Com base na jurisprudência dos tribunais superiores acerca da colocação de criança ou adolescente em família substituta, assinale a opção correta.
- A)A regra que estabelece a diferença mínima de dezesseis anos de idade entre adotante e adotando não pode ser relativizada.
Errada: a diferença mínima de 16 anos entre adotante e adotando está no ECA, mas a jurisprudência admite relativização em situações excepcionais, conforme o melhor interesse do menor.
- B)A adoção de neto pela avó (adoção avoenga) não pode ser permitida em nenhuma hipótese.
Errada: a adoção avoenga não é automaticamente vedada em qualquer hipótese; a jurisprudência admite análise excepcional do caso concreto.
- C)Não é possível deferir a averbação do nome do pai socioafetivo no registro civil enquanto não decretada a extinção do poder familiar do pai biológico.
Errada: o reconhecimento da filiação socioafetiva pode ocorrer independentemente da prévia extinção do poder familiar biológico, a depender da situação concreta e da proteção ao melhor interesse.
- D)Poderá ocorrer a adoção post mortem se o pretenso adotante falecido tiver manifestado em vida, inequivocamente, a vontade de adotar o menor, mesmo que não tenha iniciado o procedimento de adoção quando vivo.

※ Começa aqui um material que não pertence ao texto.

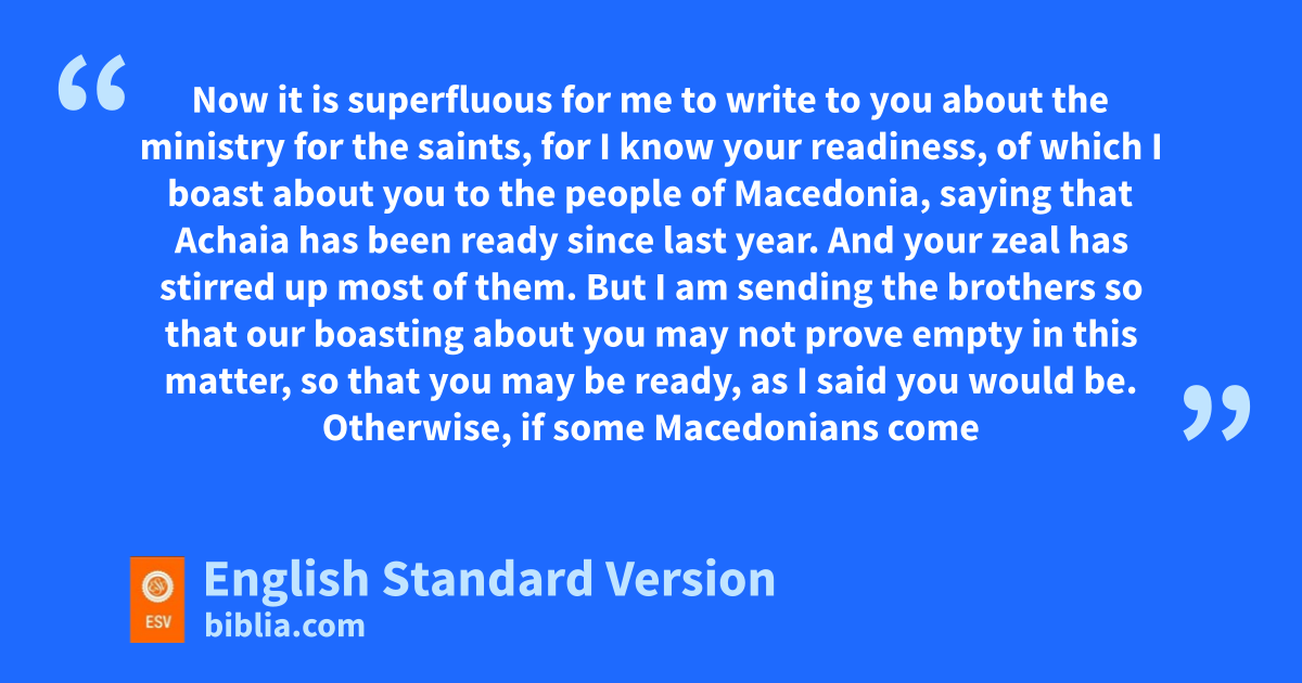 9 Now lit is superfluous for me to write to you about mthe ministry for the saints, 2 for I know your readiness, nof which I boast about you to the people of Macedonia, saying that Achaia has been ready osince last year. And your zeal has stirred up most of them. 3 But pI am sending1 the brothers so that our boasting about you may not prove empty in this matter, so that you may be ready, qas I said you would be. 4 Otherwise, if some Macedonians rcome with me and find that you are not ready, we would be humiliated—to say nothing of you—for being so confident. 5 So I thought it necessary to urge the brothers to go on ahead to you and arrange in advance for the sgift2 you have promised, so that it may be ready tas a willing gift, unot as an exaction.3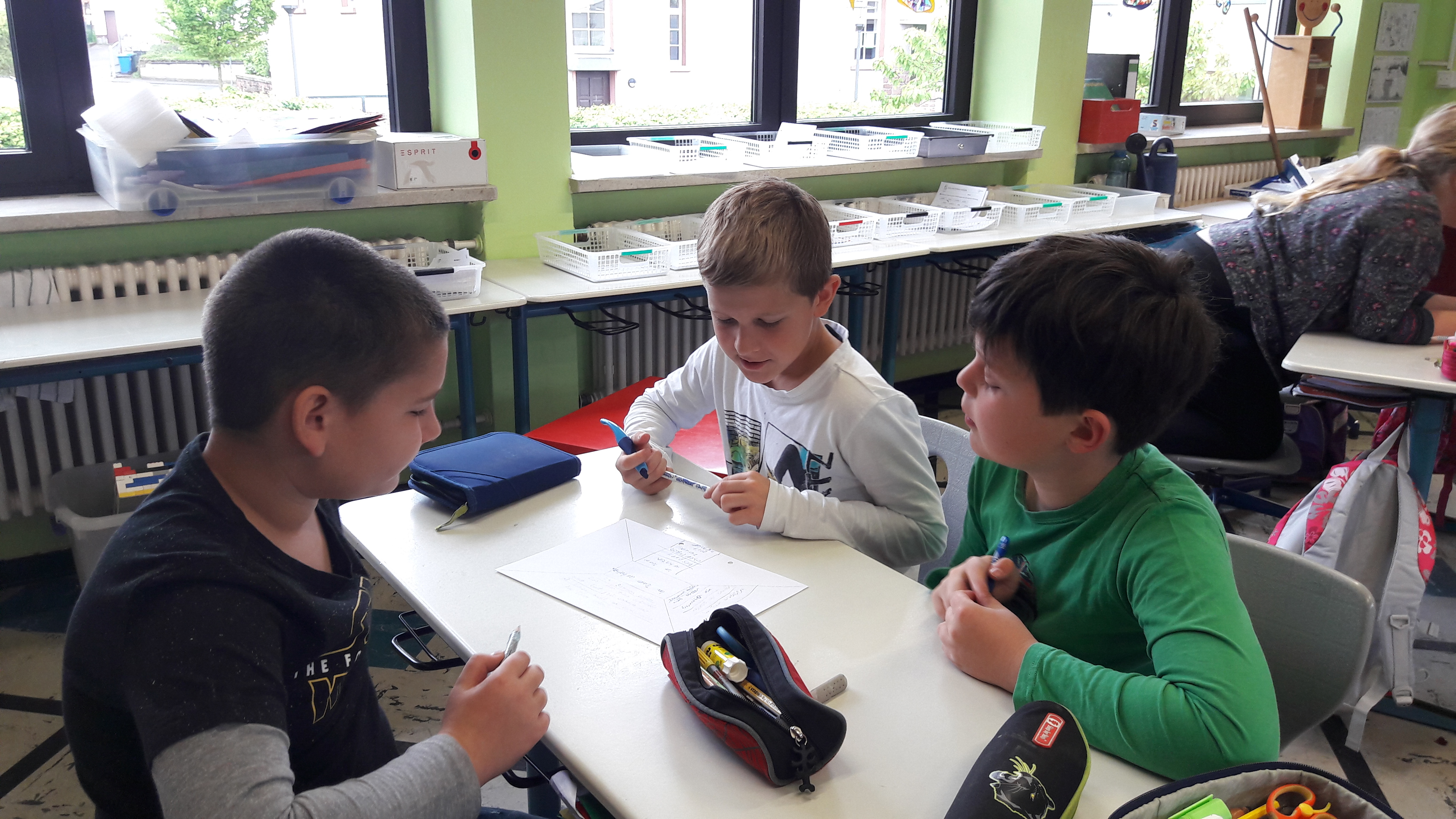 Inhalt des Methodentrainings ist das Erlernen elementarer Arbeitstechniken, wie z.B. handwerkliche Grundtechniken (falten, kleben, schneiden…), Heftseiten gestalten, Klassenarbeiten vorbereiten, wichtige Textstellen markieren, Informationen beschaffen. Darüber hinaus erlernen die Kinder Kommunikations- und Kooperationstechniken wie z. B. Partner- und Gruppenarbeit, Rollenspiele, aktives Zuhören und Feedback geben. Damit die Schüler der Grundschule im Grünen möglichst vielfältige Methoden kennen lernen, finden die Methodentage möglichst einmal im Schulhalbjahr statt.

Certa: o STJ admite adoção post mortem quando houver manifestação inequívoca, em vida, da vontade de adotar, mesmo sem o ajuizamento do procedimento antes do óbito.
- E)É inadmissível o uso do nome afetivo pela criança que se encontra sob guarda provisória dos adotantes, em tutela antecipatória deferida antes da prolação da sentença de mérito da ação de adoção, em razão do princípio da imutabilidade.

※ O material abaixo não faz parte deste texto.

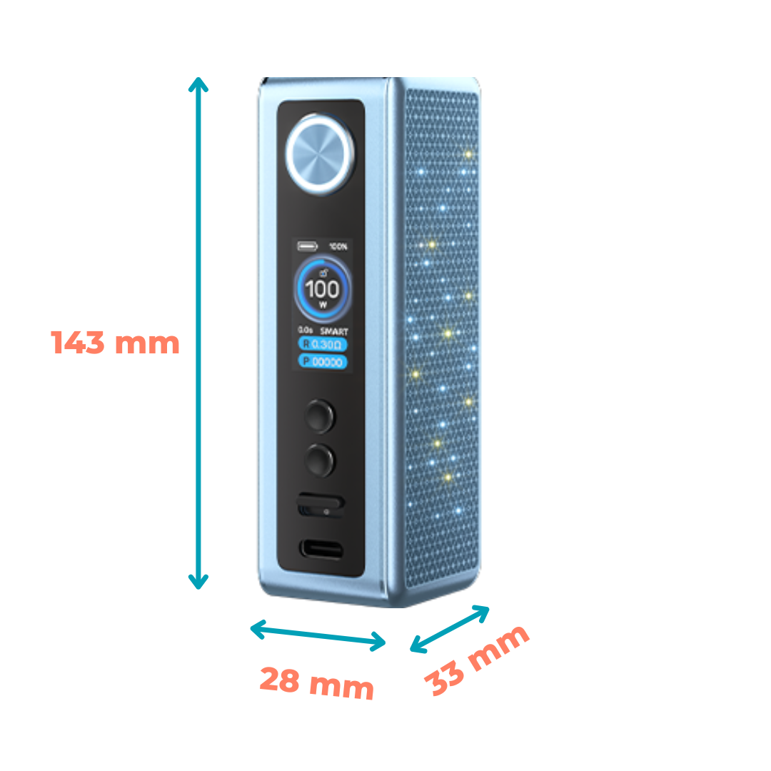 Son écran TFT couleur de 0,96 pouces affiche clairement toutes les informations essentielles et propose deux thèmes d’interface animés, pour une navigation fluide et intuitive. Mais ce n’est pas tout ! Son alliage de zinc léger cache une véritable innovation visuelle : 144 LEDs intégrées qui illuminent la box avec des animations dynamiques à chaque bouffée.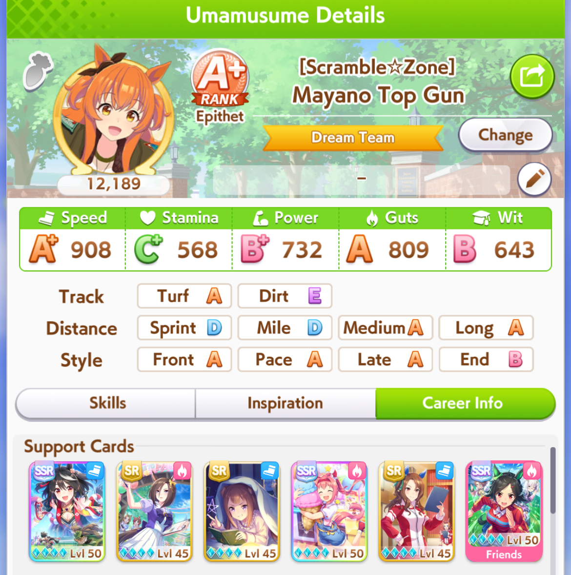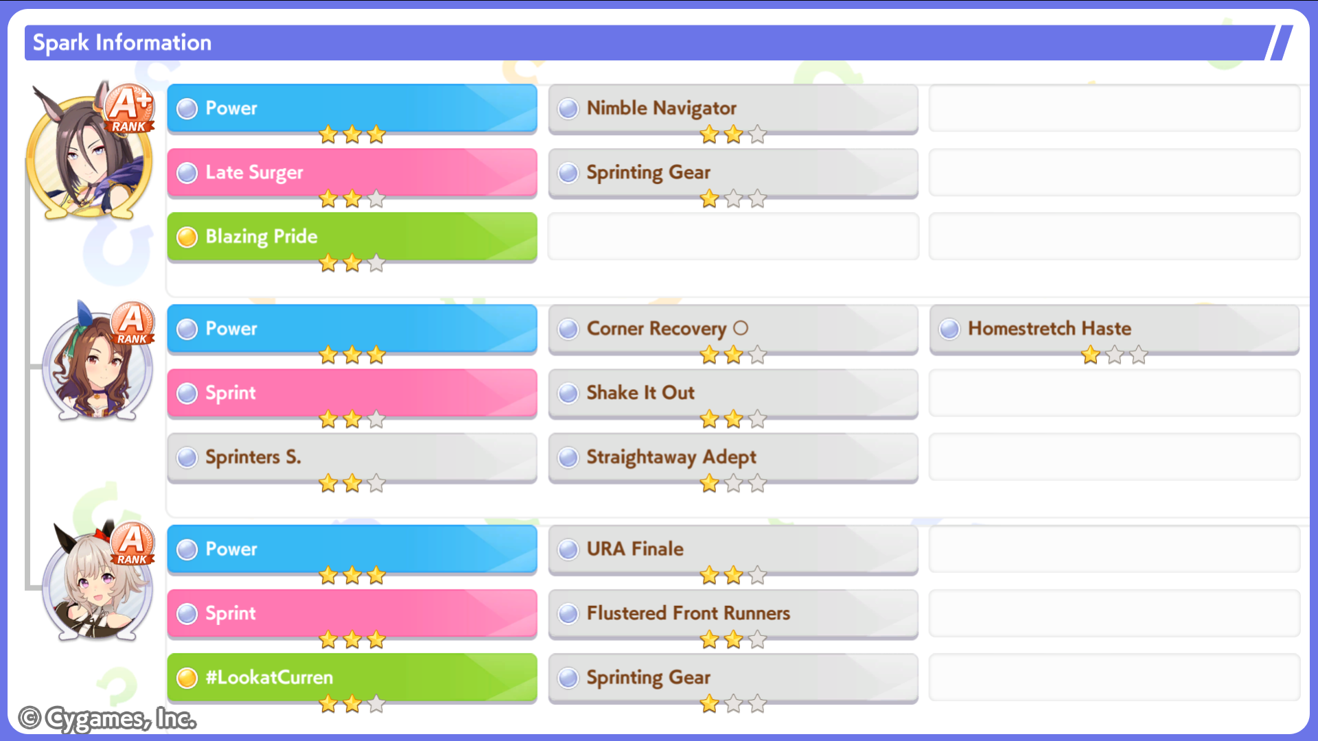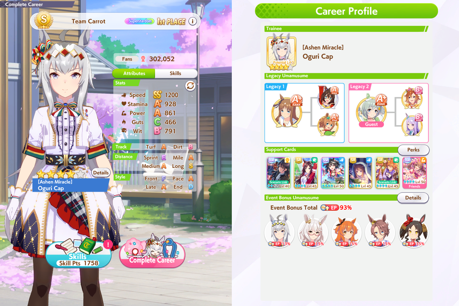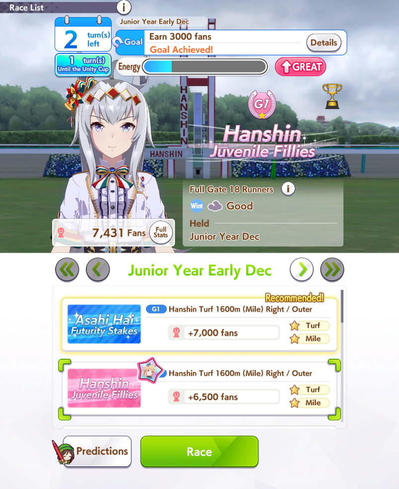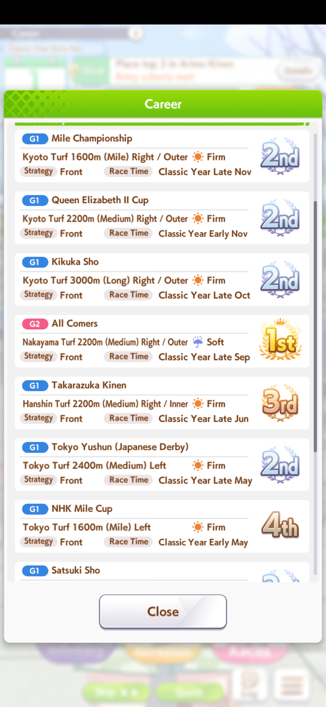 Still need ~350 stam before Kikuka Sho, maybe around ~450 just to survive the Akiten and Arima Kinen. Failed Sprinter Stakes Classic and Takatsunomiya Kinen though so it's a brick. Wit 2* also hurts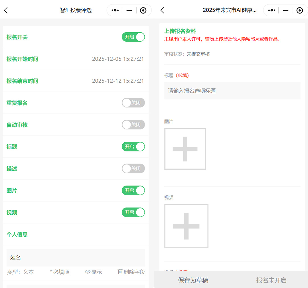 设置报名开始时间和结束时间,补充报名规则介绍,需要提交的作品信息,包括作品标题、作品介绍、作品图片或者图片视频,需要提交的个人信息,如姓名、电话、邮箱等联系方式。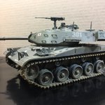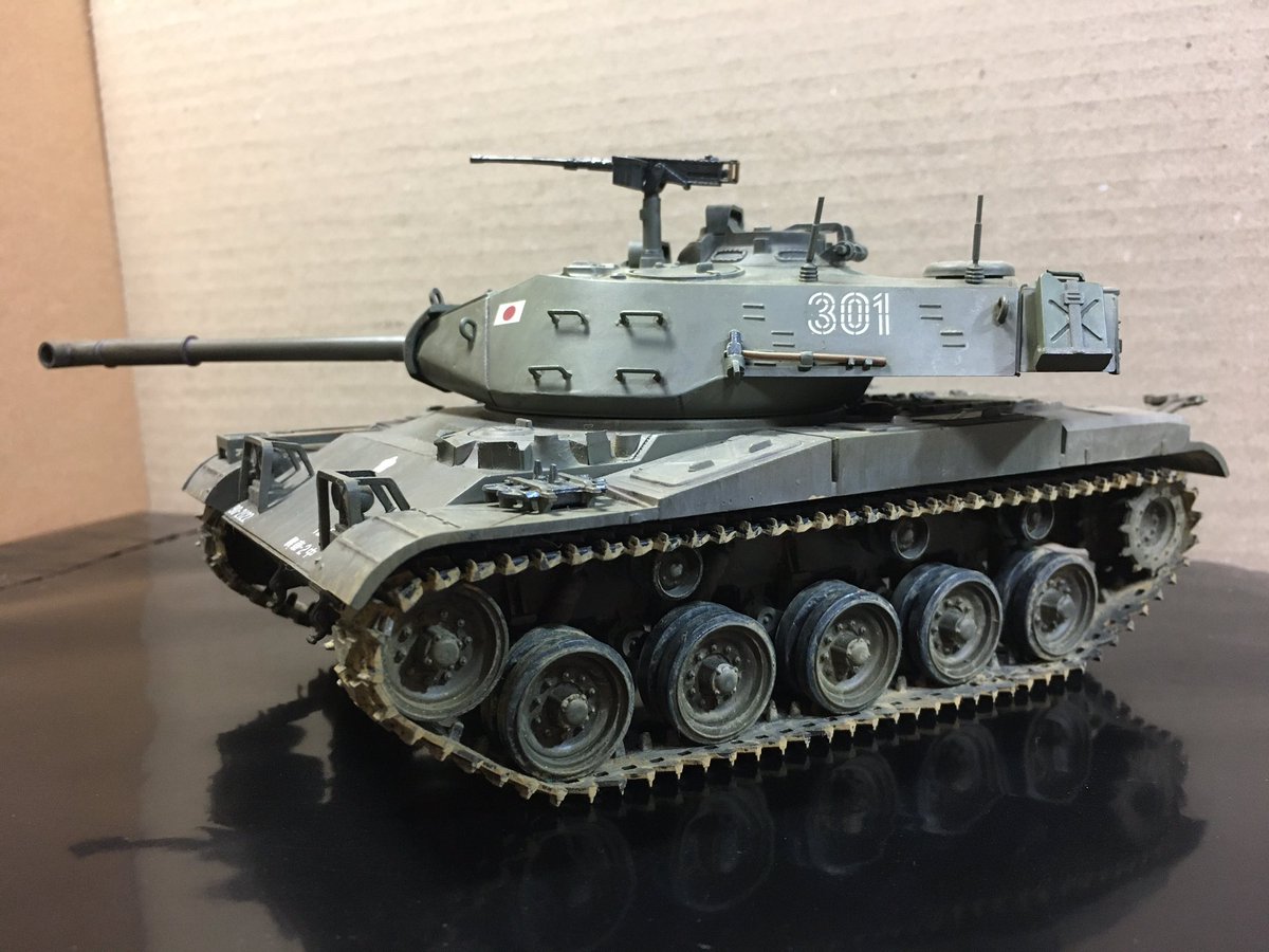 タミヤM41に61式戦車の90㍉砲を換装した架空戦車。米ではM49だっけw最初普通に作る予定だったけど、余ってた90㍉つけたらことのほか似合ったので、そのまま装着w元より砲が太くなったので見栄えは良くなりました。昔のタミヤ戦車は何も考えずに遊べて楽しいですわw #今月作ったプラモ晒そうぜ

Errada: o uso do nome afetivo pode ser admitido em situações de guarda provisória ou tutela antecipatória, desde que isso atenda ao melhor interesse da criança.
Gabarito: D
A adoção, em regra, exige procedimento judicial e observância do melhor interesse da criança e do adolescente. No ECA, há requisitos como a diferença mínima de 16 anos entre adotante e adotando e a necessidade de estágio, mas a jurisprudência dos tribunais superiores já admitiu flexibilizações em situações muito específicas, quando isso atende ao melhor interesse do menor. Um exemplo clássico é a adoção post mortem. O STJ entende que ela pode ser deferida se o falecido tiver demonstrado, de forma inequívoca, em vida, a vontade de adotar. Ou seja: o que importa não é só ter protocolado o pedido, mas a prova clara da intenção de adotar, revelada antes do óbito. Por isso, a letra D está correta. A Corte admite a adoção mesmo sem o procedimento ter sido iniciado formalmente quando o adotante era vivo, desde que a vontade esteja bem demonstrada nos autos. A lógica é simples: o processo não pode virar uma armadilha burocrática para frustrar uma relação já consolidada e protegida pelo afeto. As demais alternativas tropeçam em entendimentos que os tribunais superiores já afastaram. Em matéria de adoção, o foco não é decorar fórmulas rígidas, e sim enxergar a proteção integral e o melhor interesse da criança como bússola principal.